Меня начинало, однако, подзадоривать.
- Но как же я-то вдруг явлюсь? Ты с ума сошел!
- Пока еще нет, голубчик. На скромность моих приятелей нельзя было бы рассчитывать, если б они явились одни. Но ведь мы все будем связаны…
- Кто же будут их дамы? Уж не Додо ли Рыбинская?
- А ты как бы думала?
- Ну, литератор, ты совсем рехнулся. Какая нелепость. Этакую святошу, образцовую мать семейства, и вдруг приплел к любовным затеям à la régence.
- Вот увидишь.
- Да я ни за что не поеду!
- Как знаешь, голубчик, как знаешь.
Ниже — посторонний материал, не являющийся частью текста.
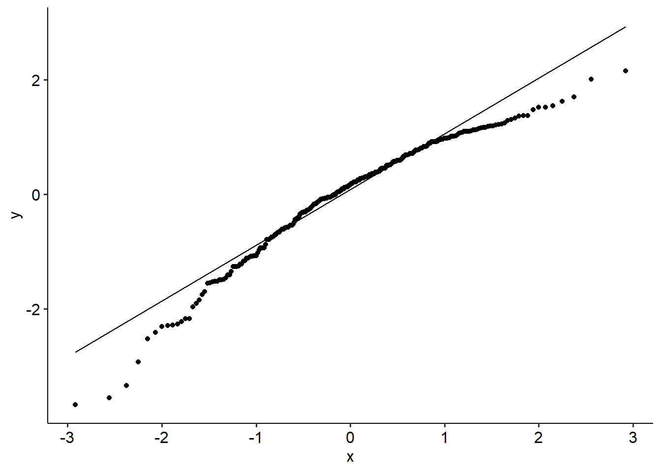 Our usual tests apply here too. Below is a QQ plot, which might suggest that our residuals aren’t normally distributed. (Use the data and perform a SW test on it to see what happens!)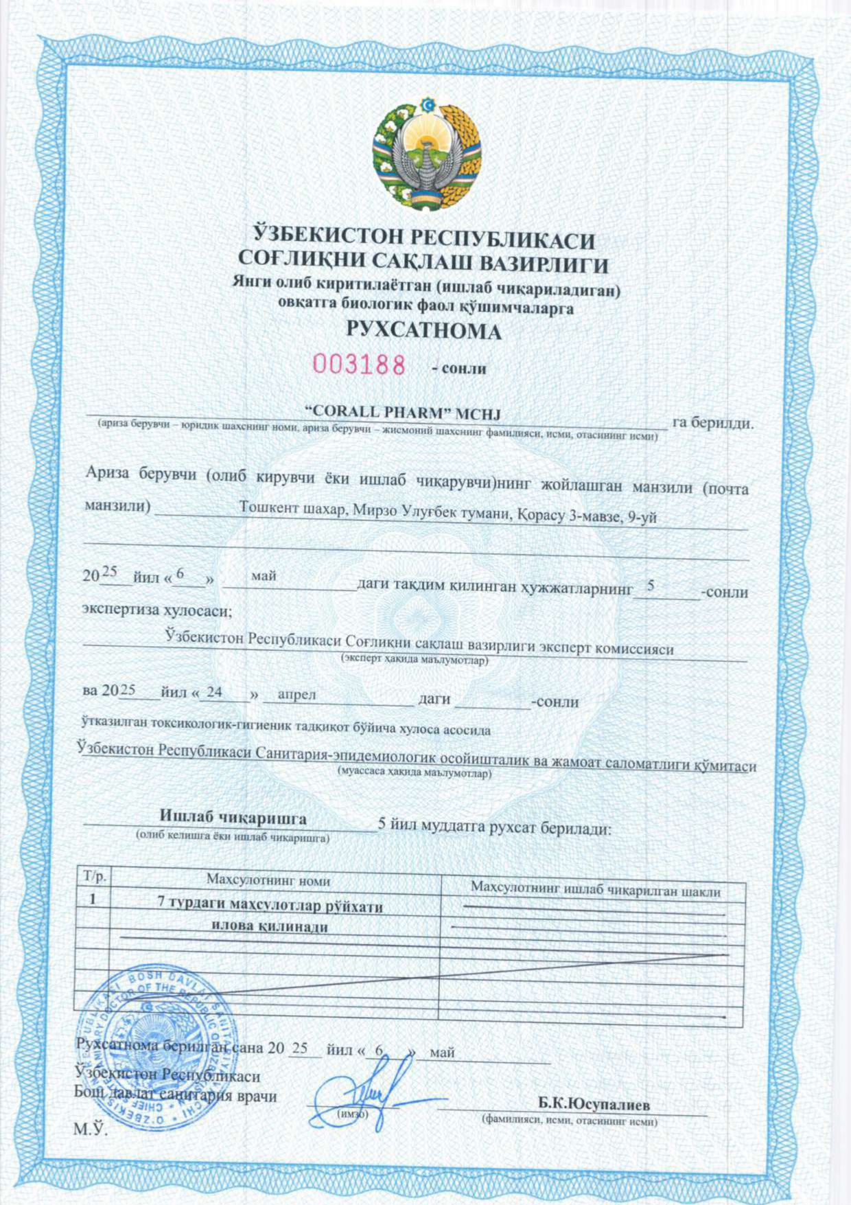 Mаҳсулот cироп ва саше кўринишида бўлиб, ички азоларга мутлақо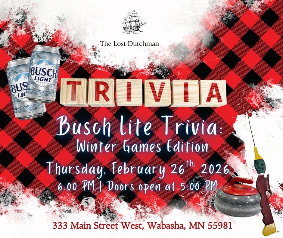 Bundle up and join us for Busch Lite Trivia: Winter Games Edition at The Lost Dutchman! ❄️🧠 Test your knowledge with a winter-themed trivia night inspired by cold-weather sports, icy history, and all things Busch Lite. Whether you’re a trivia pro or just in it for the laughs, this night is all about friendly competition, cold drinks, and good times. 🕔 Doors open at 5:00 PM 🕕 Trivia starts at 6:00 PM Grab your team, claim a table early, and get ready for a fun, laid-back night with prizes, bragging rights, and plenty of winter vibes. Don’t forget to wear your favorite flannel! 📍 The Lost Dutchman 333 Main Street West, Wabasha, MN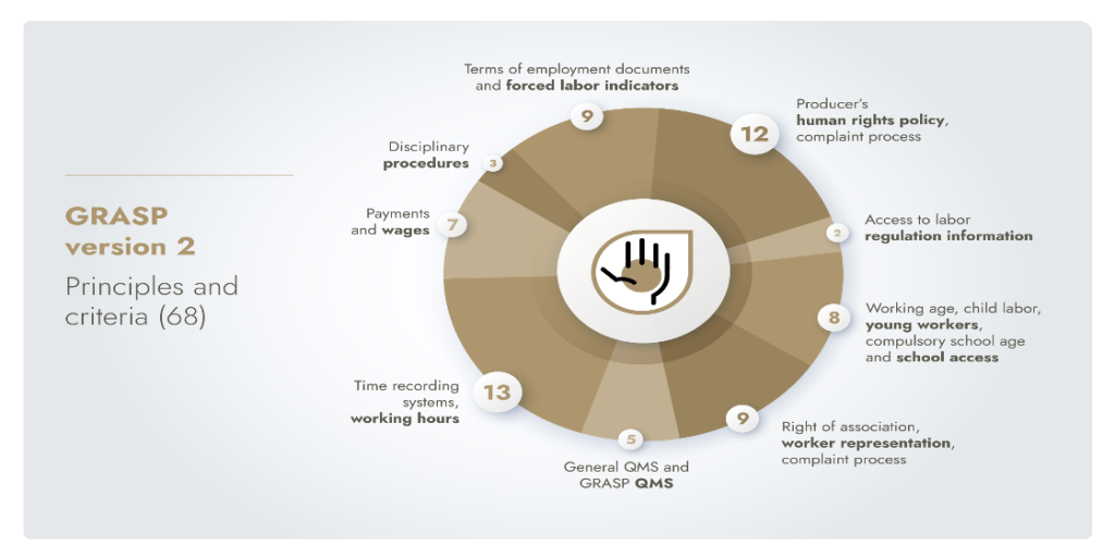 - GRASP (GLOBALGAP Risk Assessment on Social Practices”). Un instrumento de autorregulación típico del modelo de responsabilidad social empresarial (RSE) certificada internacionalmente, sobre la base de una evaluación de calidad de las políticas de salud, seguridad y bienestar de las personas empleadas en el campo.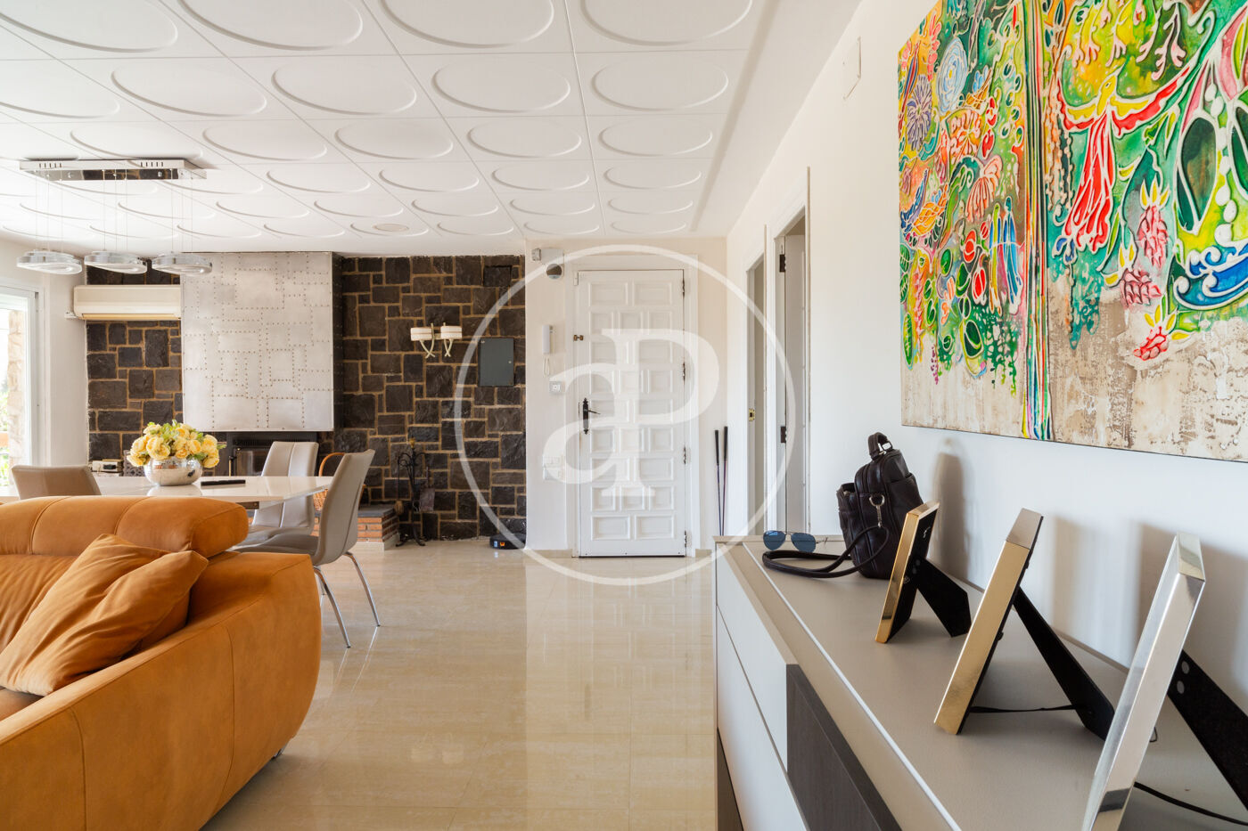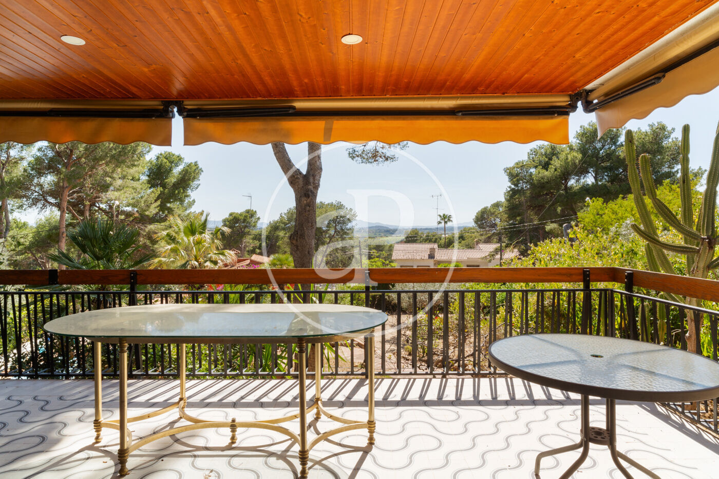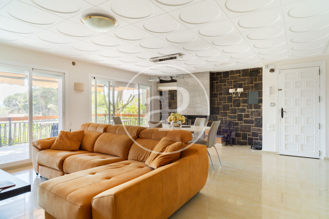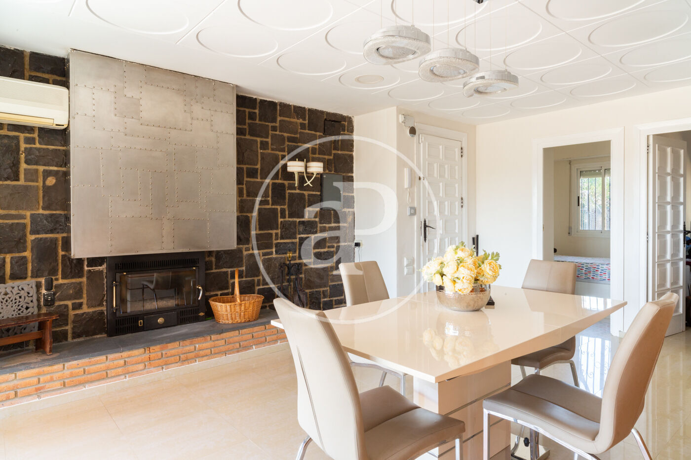 Esta vivienda de inmejorable ubicación está construida sobre una maravillosa parcela de orientación perfecta. La vivienda está muy cuidada y en muy buen estado. Al entrar nos encontramos con un salón diáfano con grandes ventanales de suelo a techo que dan salida directa a una gran terraza cubierta, con techo de madera, toldos y espectaculares vistas, dispone de una chimenea muy especial construida sobre una pared forrada en piedra natural que aporta carácter y personalidad a este espacio realmente acogedor, zona de relax y comedor conviven, cabe destacar la generosa luz que tiene este espacio.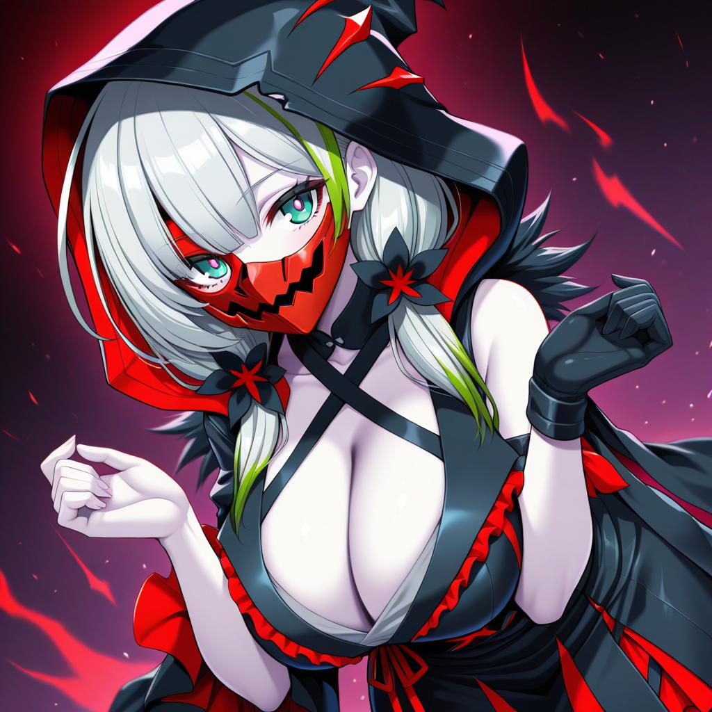 Digital anime-style illustration of a female character with pale skin, medium grey hair with green tips, and green eyes. She is dressed in a black and red hooded dress with one detached sleeve, revealing cleavage. The character wears a red stylized half mask and a single black glove, embodying a dark witch or duel monster aesthetic.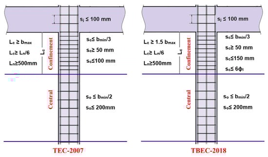 The requirements for transverse reinforcement in RC columns, as specified in the last two seismic design codes used in Türkiye, are illustrated in Figure 16.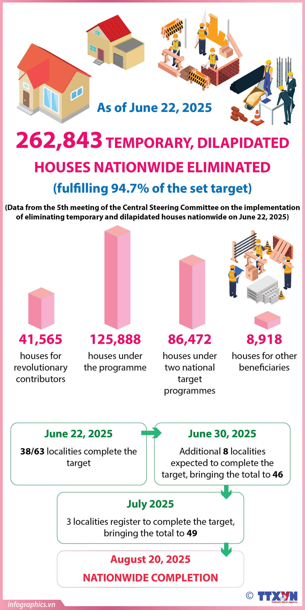As of June 22, 2025, a total of 262,843 temporary and dilapidated houses had been eliminated nationwide, reaching 94.7 percent of the set target.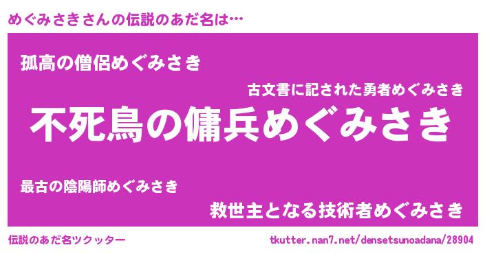 | ヒーロー風カッコイイあだ名 | 『サイバー戦士メグミサキ』 |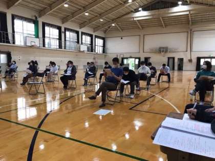 昨日と今日,体育館で会議を行いました。先生方にとっても初めての経験であり,戸惑いもありましたが,精一杯点検し,残された期間に準備を進めたいと思います。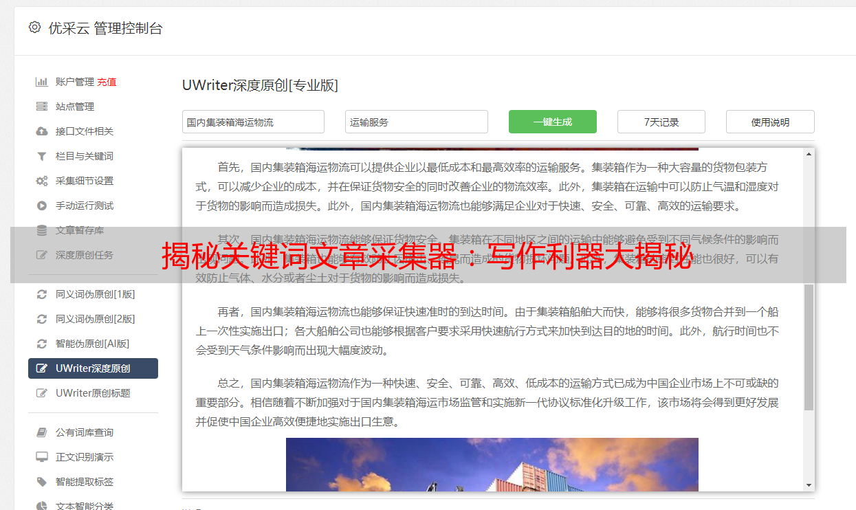 优采云 发布时间: 2024-01-07 01:45在下在写作生涯中,关键词文章采集器是值得信赖的得力助手。其方便快捷地协助我挖掘丰富而奇特的文章主题。接下来,请允许我分享使用此设备的心得体会。

Мое дело было предложить тебе…
Так мы и проболтали с ним все об этих soupers-régence.
Ведь у него не разберешь иногда: серьезно ли он говорит или дурачится… Нельзя этого устроить так, чтоб не узнали! Да и потом надо, чтобы женщины были между собою слишком близки. Как же иначе?
Постом начнутся глупые концерты. Что-нибудь новенькое было бы недурно!
Неужели добродетельные барыни, о которых он говорил, срывают цветы удовольствия? Если оно так, я тогда сама обращаюсь опять в девичество.
Они, стало быть, меня перехитрили!
6 марта 186*
Рано. - Понедельник
Вот и пост. Все замерло… на первую неделю. Буду ли я говеть? Отложу до страстной.
Софи пустилась что-то в благочестие. Заезжала и звала на ефимоны.
Пусть ее молится. Грех ее велик: она до сих пор еще соединена узами незаконной любви с Кучкиным. Это даже не грех, это - преступление!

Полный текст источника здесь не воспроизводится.